The fifth-grade student at London Elementary School was found dead in her home early Sunday — the apparent victim of a suicide.
“We’re investigating all aspects of the incident,” said London Police Chief Dave Wiseman. “We want to know what actually happened.”
On Monday, Wiseman did get confirmation from Madison County Coroner James Kaehr, M.D., that the cause of Petee’s death was suicide.
On Sunday, officers searched the student’s school desk, looking for clues about her mental state and conduct.
In broadcast reports, parents Melinda Groce and David Petee said their daughter hung herself after months of bullying by her peers.
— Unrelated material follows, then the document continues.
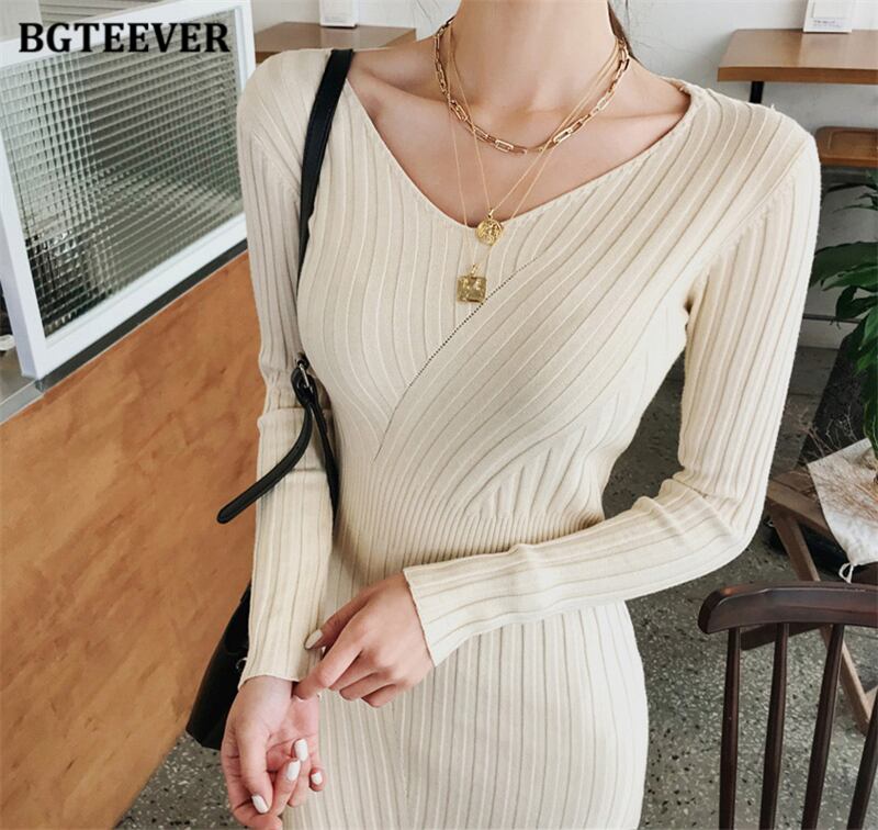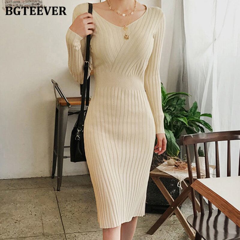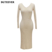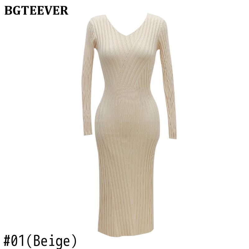 【新作】【送料無料】 BGTEEVERVネックミディボディコンセータードレスレディース秋冬長袖スリムウエストニットワンピース ロング オータム 秋物 ウィンター 冬物 12b190851178179

Petee suffered from attention deficit disorder and wore glasses, they said.
In the meantime, a telecommunications harassment case is pending in Madison County Municipal Court against London resident Alexis K. Zacharias, 40, who is accused of threatening the 11-year-old girl’s mother last fall via Facebook.
Zacharias pleaded not guilty to the charge and is awaiting a March 4 trial. Repeated attempts by The Madison Press to contact Zacharias for comment were not successful.
Zacharias also was charged with disorderly conduct against the 11-year-old girl. That charge was dismissed.
Madison County EMA Director Roger Roberts and counselors were in LES Monday morning to assist grieving students and staff members.
Superintendent Tom Ben said the district is mourning the tragic loss of life.
“As a faculty, we extend our sympathy to Hailey’s family and friends. We respect the privacy of the family during this time of bereavement and will refrain from any additional comments,” Ben said.
Suicides of girls younger than 14 are extremely rare in the United States, said Julie Cerel, a psychologist and suicide bereavement expert with the University of Kentucky.
In 2010, 274 children in that age bracket committed suicide. Only 87 were girls. However, Cerel noted the number increased in recent years.
Cerel said bullying alone will not lead a child to commit suicide. Family problems and mental illness are contributing factors. Add a stressor such as a family death or interaction with the juvenile court system and a child may act impulsively.
“Child suicides involve impulsivity most of the time,” Cerel said. “They don’t think it through at the moment.”
Parents should talk to their children about suicide. Avoiding a conversation is the wrong approach, Cerel stressed.
“Kids are already hearing about suicide (from friends and the media),” she said. “Don’t be afraid to ask them if they are thinking about it.”
At highest risk of considering suicide are siblings of a victim.
Classmates are also at risk, but not those closest to the victim. Close friends see and suffer the havoc caused by a suicide and are less-likely to mimic that behavior as a result, Cerel said.
“It’s the ‘marginal’ kids that are of greater concern,” she added.